Furthermore, the present invention provides a multi-layer ceramic capacitor having a ceramic layer comprising the dielectric composition and an internal electrode layer formed with nickel.

Below, a description will be given of a dielectric composition of the present invention.

The present invention is characterized in that increase of capacity dispersion and decrease of insulation resistance in end products, attributable to nonhomogeneously mixed phase of the main ingredient, the supplementary ingredient and the sintering aid, referred to as segregation, can be prevented, and also a firing process can be performed at a low temperature for application of the dielectric composition to a final product, thus preventing electrode break while yielding economic benefit and product reliability.

The present dielectric composition, which is homogeneous and improved in dielectric constant and insulation resistance (specific resistivity), is used as an insulating layer of the multi-layer ceramic capacitor.

The dielectric composition of the present invention consists of the dielectric component represented by the following chemical formula 1 and the sintering aid:

(Ba 1−x−y Ca x A y ) m (Ti 1−a−b−c Zr a B′ b B″ c )O 3+m   Chemical Formula 1

wherein 0.01≦x≦0.10., 0.003≦y≦0.015, 0.16≦a≦0.20, 0.003≦b≦0.015, 0≦c≦0.015, 1.000≦m≦1.010; the component A is selected from the group consisting of Y oxides, La oxides, Ho oxides, Dy oxides, Er oxides, Hf oxides and combinations thereof; the component B′ is selected from the group consisting of Mn oxides, Co oxides, Ni oxides and combinations thereof; and the component B″ is selected from the group consisting of V oxides, Nb oxides, Ta oxides and combinations thereof.

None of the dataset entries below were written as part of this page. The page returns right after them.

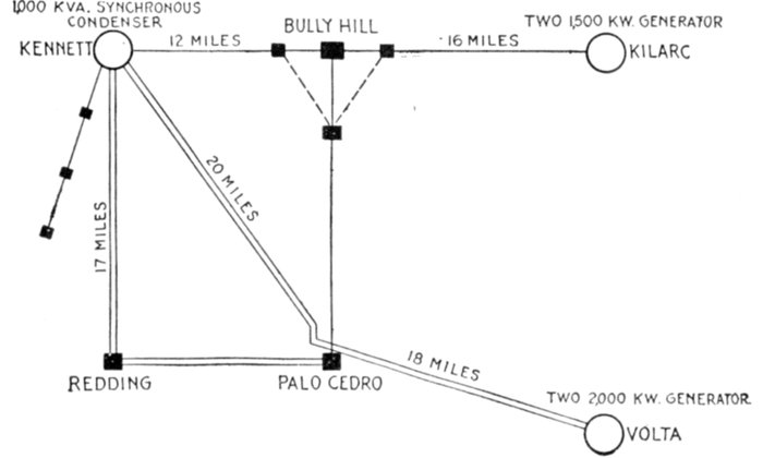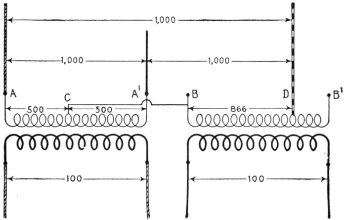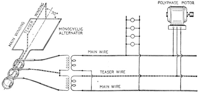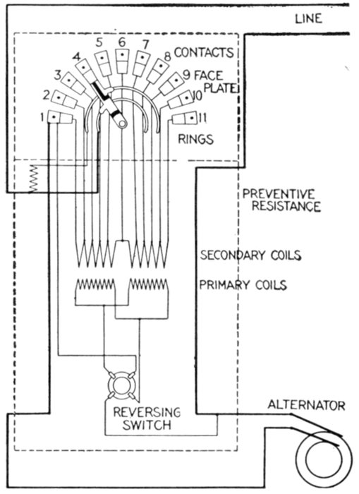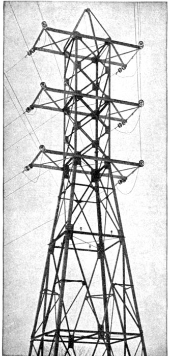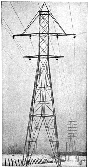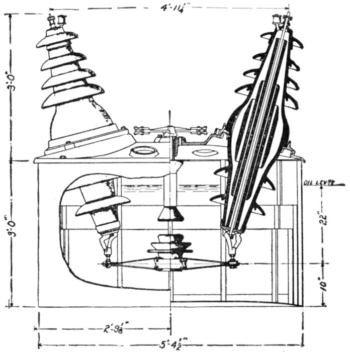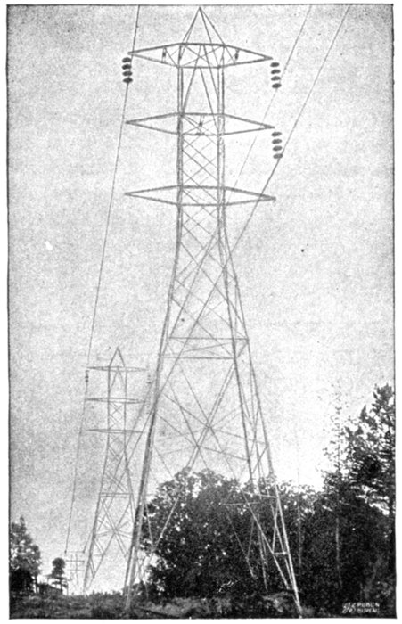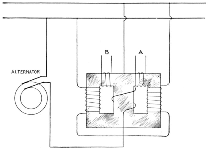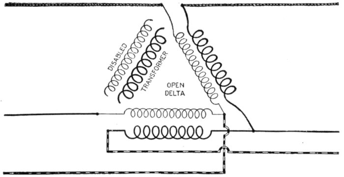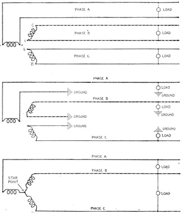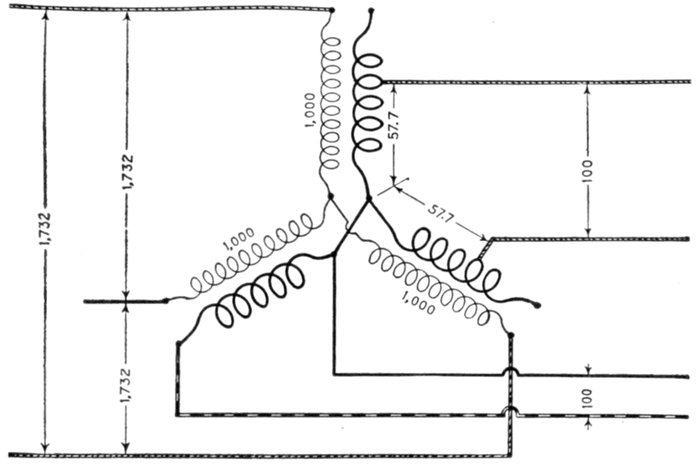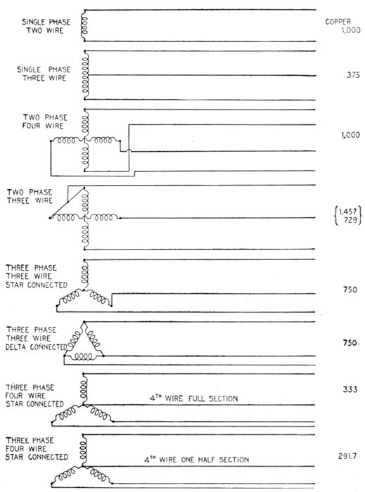 Furthermore, when the fact that two phase current can be readily transformed into three phase current, and these converted into direct current, and vice versa, by means of rotary converters and rectifiers, is added to the advantages derived by the use of high tension systems, it is apparent that the opportunity for elaboration becomes almost unlimited. These conditions have naturally tended toward the development of a great variety of systems, employing more or less complicated circuits and apparatus, and although alternating current practice is still much less definite than direct current work, certain polyphase systems are now being generally accepted as representing the highest standards of power generation, transmission and distribution.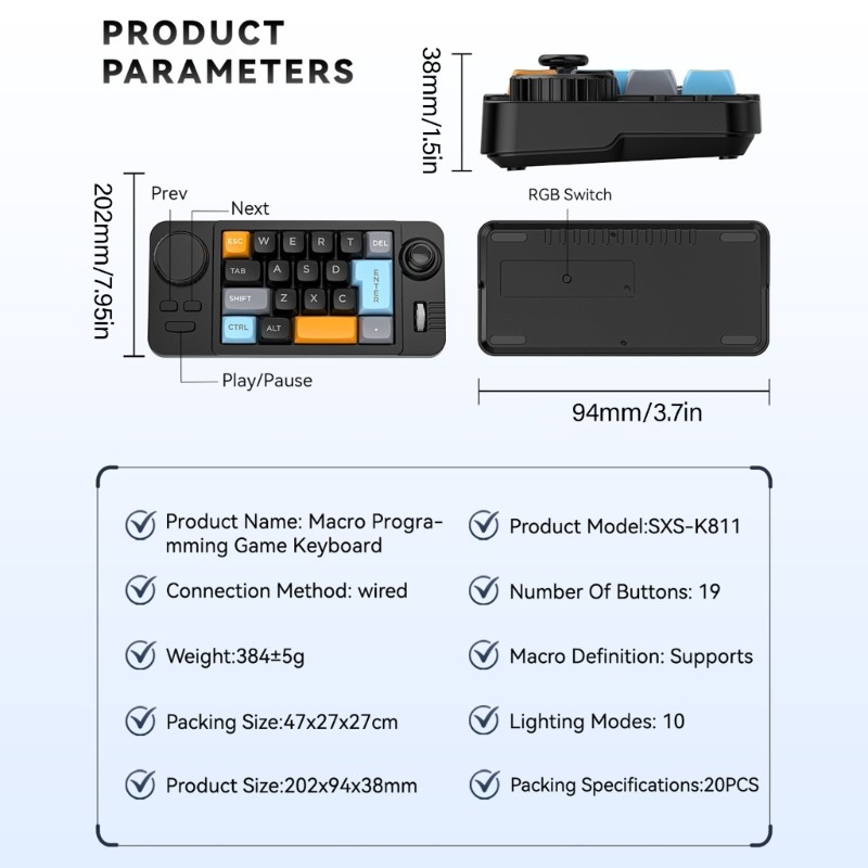 ROX 19 คีย์บอร์ดสําหรับเล่นเกมสีคีย์โปรแกรมจอยสติ๊ก Double Macroed ล้อ Hot Swappable Switches ประหยัดพื้นที่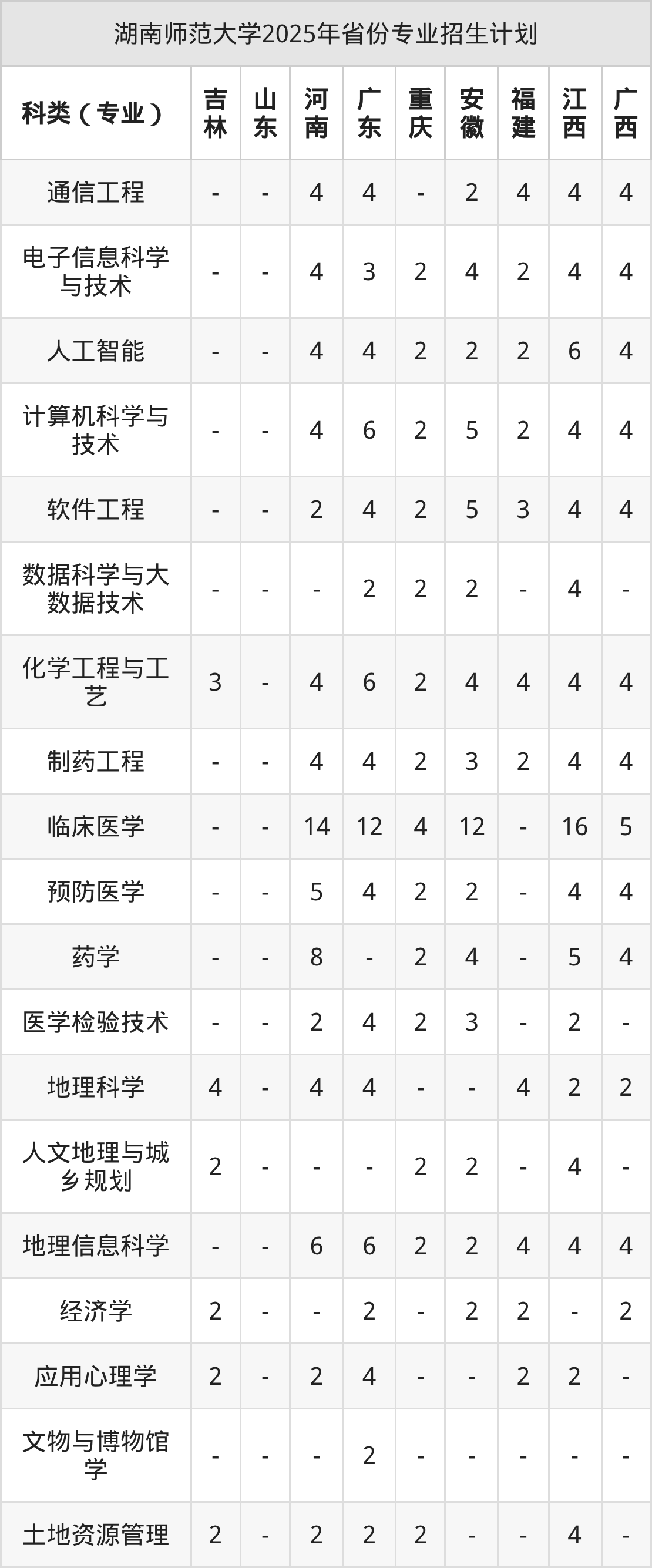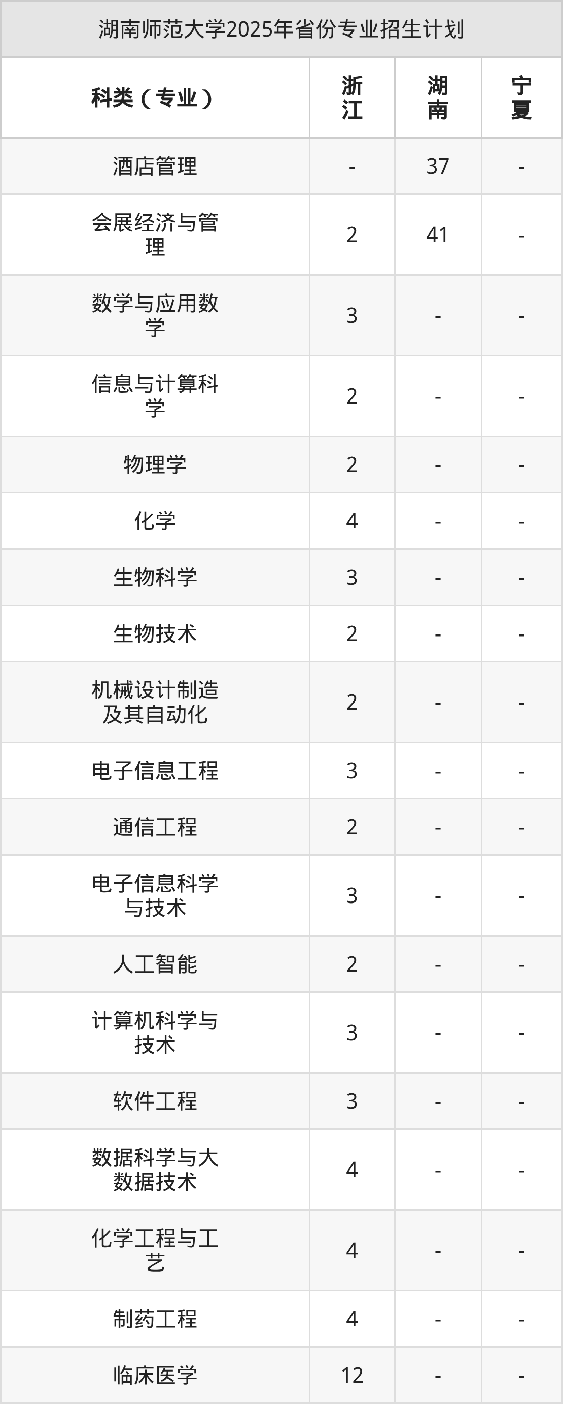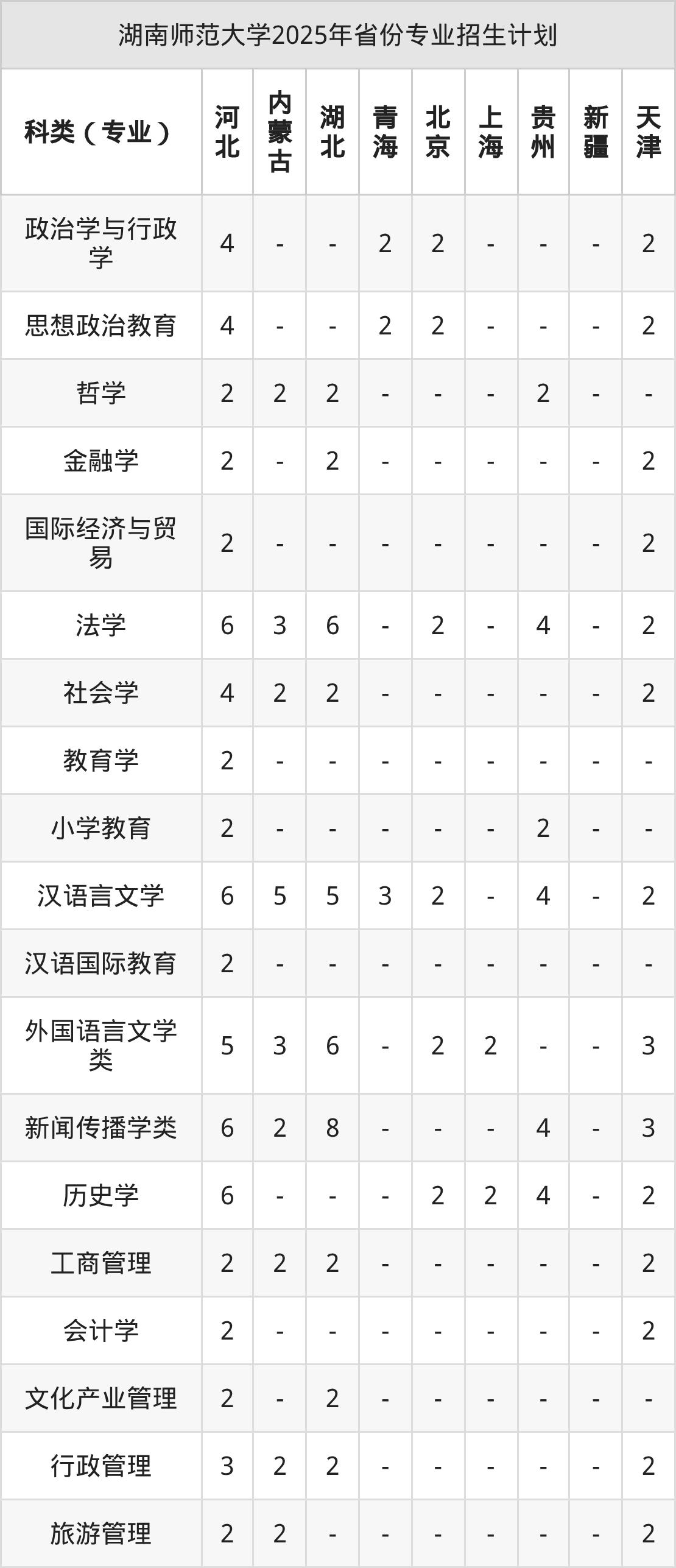 | 湖南师范大学本科招生专业 | |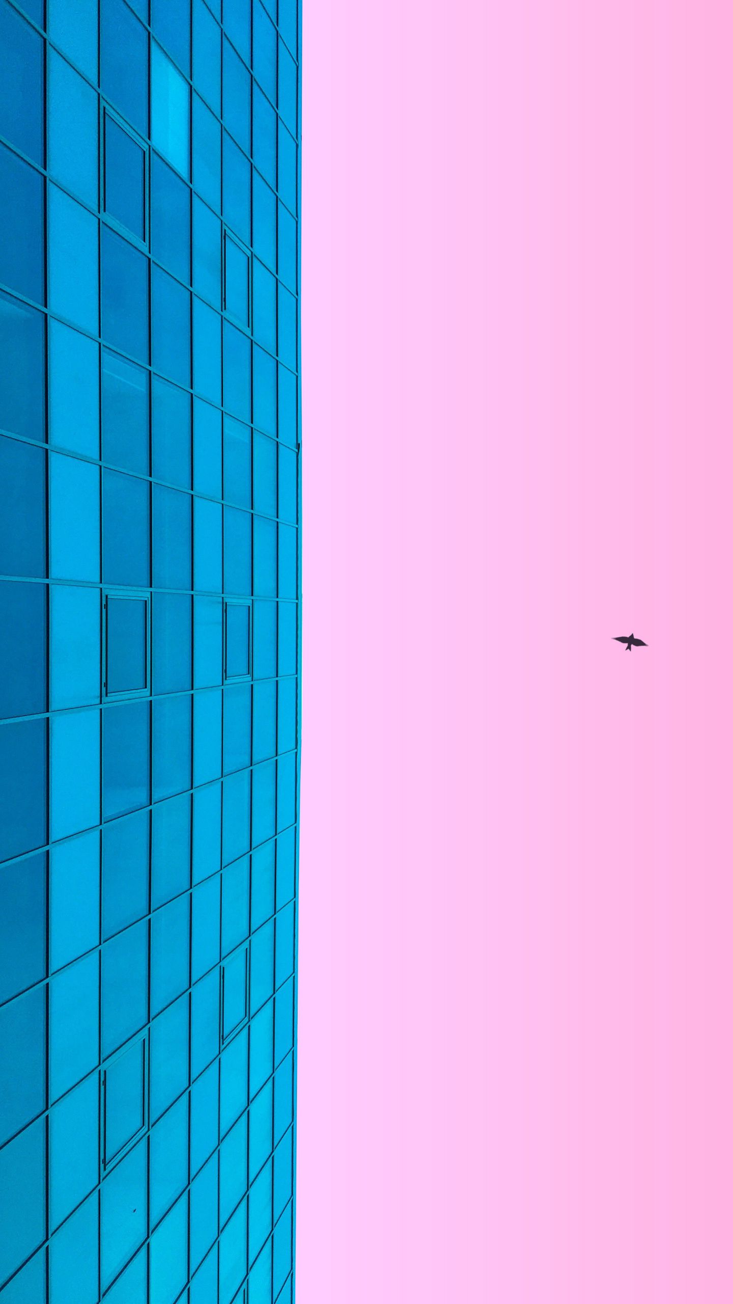 Download 1440x2560 minimalism, blue, pink, building, sky, bird wallpaper, background qhd samsung galaxy s6, s7, edge, note, lg g4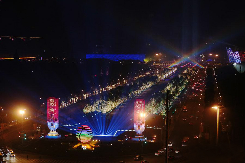 10月底奥林匹克景观大道南端布置的会徽灯光。图片来源:千龙网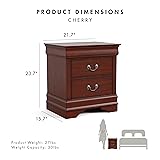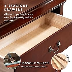 🕰️STURDY SOLID WOOD: Cherry nightstand crafted with solid wood legs and framework, offering durability and reliable support. Veneer surface crafted from engineered wood for resistance to cracking. ⏳TIMELESS DESIGN: Traditional-inspired aesthetic with moulded trim details and elegant bracket-style feet. Seamlessly blends classic and modern styles, enhancing the sophistication of bedroom decor and evoking the charm of antique furniture. 🛌REFINED ACCESSIBILITY: This bedroom storage essential is equipped with two drawers on metal glides and antique-style handles. The tabletop provides space for lamps, decor, and personal items, ensuring your supplies stay organized. 📜VERSATILE USAGE: Available in black, cherry, and white, this piece of furniture for bedroom complements various spaces and styles. Offering convenient storage for diverse needs, it's perfect for the bedroom, living room, dorm, and guest room. 🔧FULLY ASSEMBLED & CARE: Arrives fully assembled, and ready to use. Enjoy a one-year warranty for peace of mind. Easy to clean bedroom nightstand with a quick dust or a dry cloth, ensuring easy maintenance.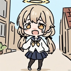 crying,chibi,(masterpiece, best quality),1girl,solo,long hair,blue eyes,in_summer,loli,(middle_breasts:1.1), hifumi-default,hifumi \(blue archive\),(yellow eyes:1.3),light brown hair,long hair,low twintails,halo,school uniform,blue sailor collar,white cardigan,pleated skirt,black pantyhose,sneakers ,holding_phone,outdoors,walking on street,looking to the side,standing_split,dutch angle,smiling,

The values of x, y, a, b, c and m are selected, in consideration of firing and dielectric properties.

In the dielectric component of the chemical formula 1, the main ingredient is mixed at a single step, together with the supplementary ingredient, and calcined to form a uniform single phase having the supplementary ingredient substituted at a main ingredient position.

Additionally, such dielectric component of the chemical formula 1 is prepared by calcining oxides of Ba, Ca, Ti and Zr as the main ingredient powder and the supplementary ingredient substituted at the A-, the B′- and the B″-component positions in the chemical formula 1, considering their particle size.

By preparation of the dielectric component, substitution of the supplementary ingredient for the main ingredient is easily performed, and such component has uniform composition and is increased in insulation resistance (specific resistivity).

Hereinafter, a method of preparing a dielectric composition according to the present invention is described.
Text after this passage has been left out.